* **Problem to work on**
Please, without any pictures, transcribe the lines from the one holding "This Madison One" to the end of the listing, both ends included.

* **Given material**
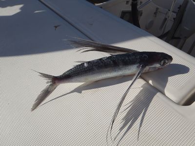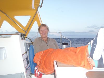 Au milieu de la nuit j’entends un claquement sec. Un hauban a t’il cassé? Je me précipite sur le projecteur pour inspecter le gréement lorsque un vacarme dans le cabinet de toilette attire mon attention. Prudemment j’ouvre la porte pour y découvrir les cloisons couvertes de sang et… un poisson volant gisant sur le caillebotis. Tout compte fait pêcher n’est pas si difficile que ça! Que faut il faire pour que les thons en face autant? Ce n’est pas la ligne que nous trainons qui les attire!
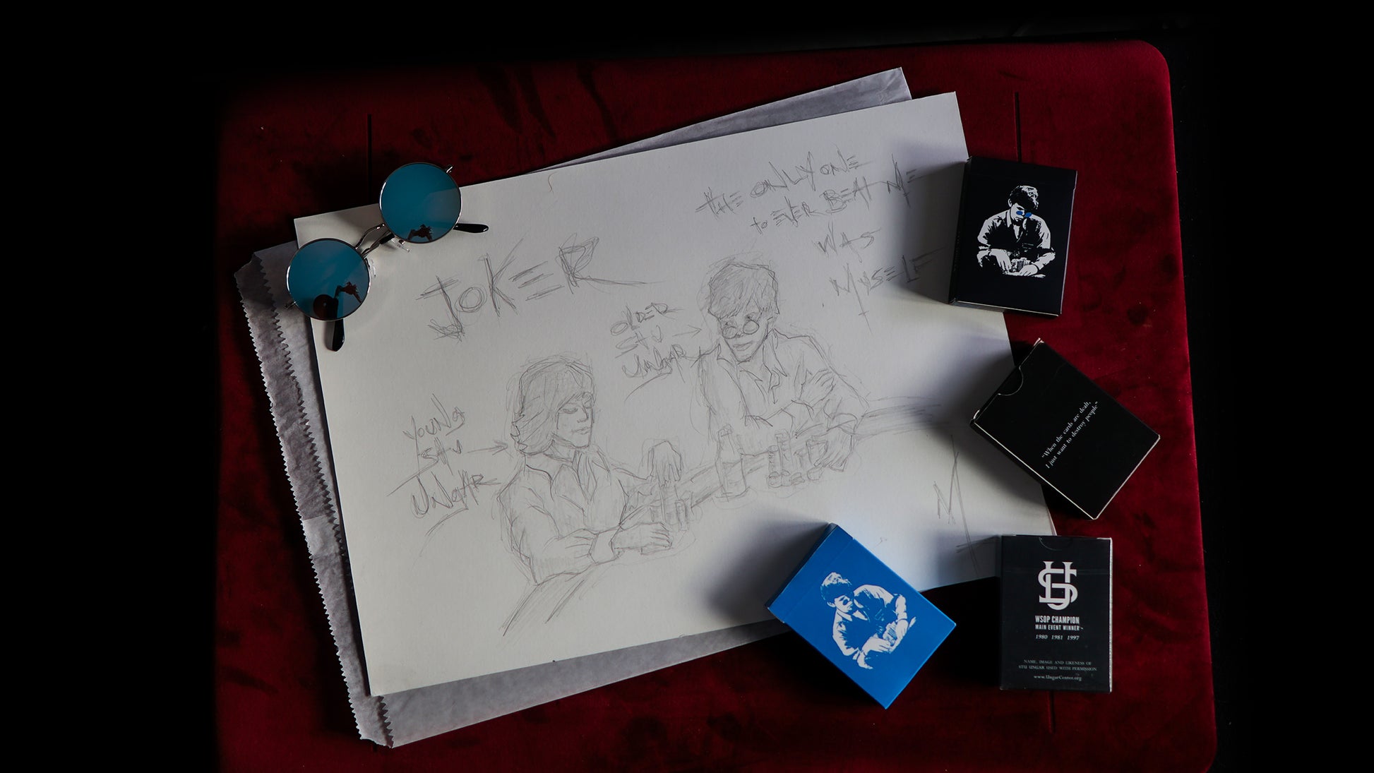 This Madison One Entry includes the two original prototypes, my first Ungar deck and a new sealed deck. This also includes my Ungar Shiner Shades and the original concept art for the Joker, the idea of younger Stu playing his older self inspired by his quote...
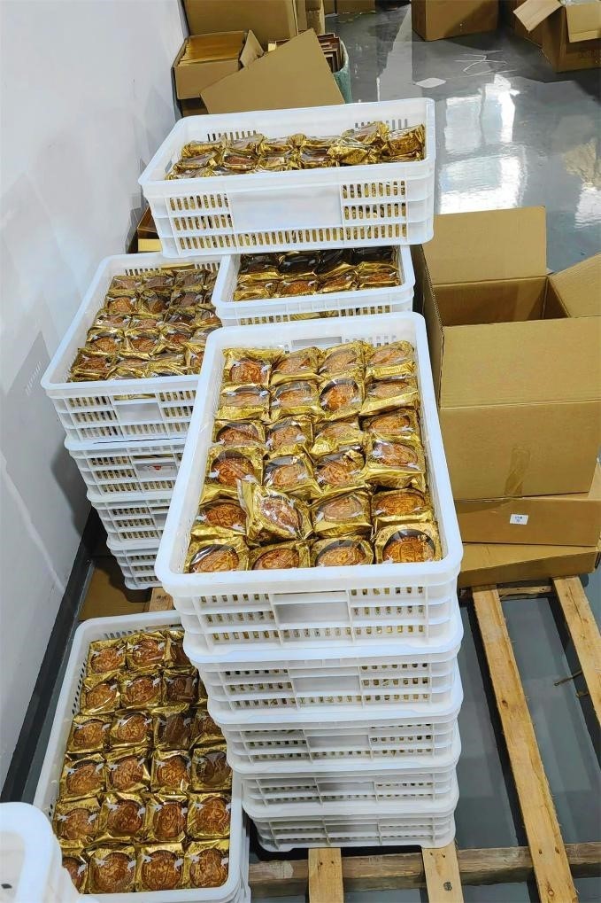 海珠警方立即成立專案組展開偵查,發(fā)現(xiàn)位于外地的倉儲、銷售假冒品牌月餅的窩點,并查到生產(chǎn)源頭。至此,一個以王某為首的生產(chǎn)、銷售假冒品牌月餅的團伙浮出水面。警方在8月24日開展收網(wǎng)行動,共抓獲犯罪嫌疑人20人。

* **Task solution**
 This Madison One Entry includes the two original prototypes, my first Ungar deck and a new sealed deck. This also includes my Ungar Shiner Shades and the original concept art for the Joker, the idea of younger Stu playing his older self inspired by his quote...
 海珠警方立即成立專案組展開偵查,發(fā)現(xiàn)位于外地的倉儲、銷售假冒品牌月餅的窩點,并查到生產(chǎn)源頭。至此,一個以王某為首的生產(chǎn)、銷售假冒品牌月餅的團伙浮出水面。警方在8月24日開展收網(wǎng)行動,共抓獲犯罪嫌疑人20人。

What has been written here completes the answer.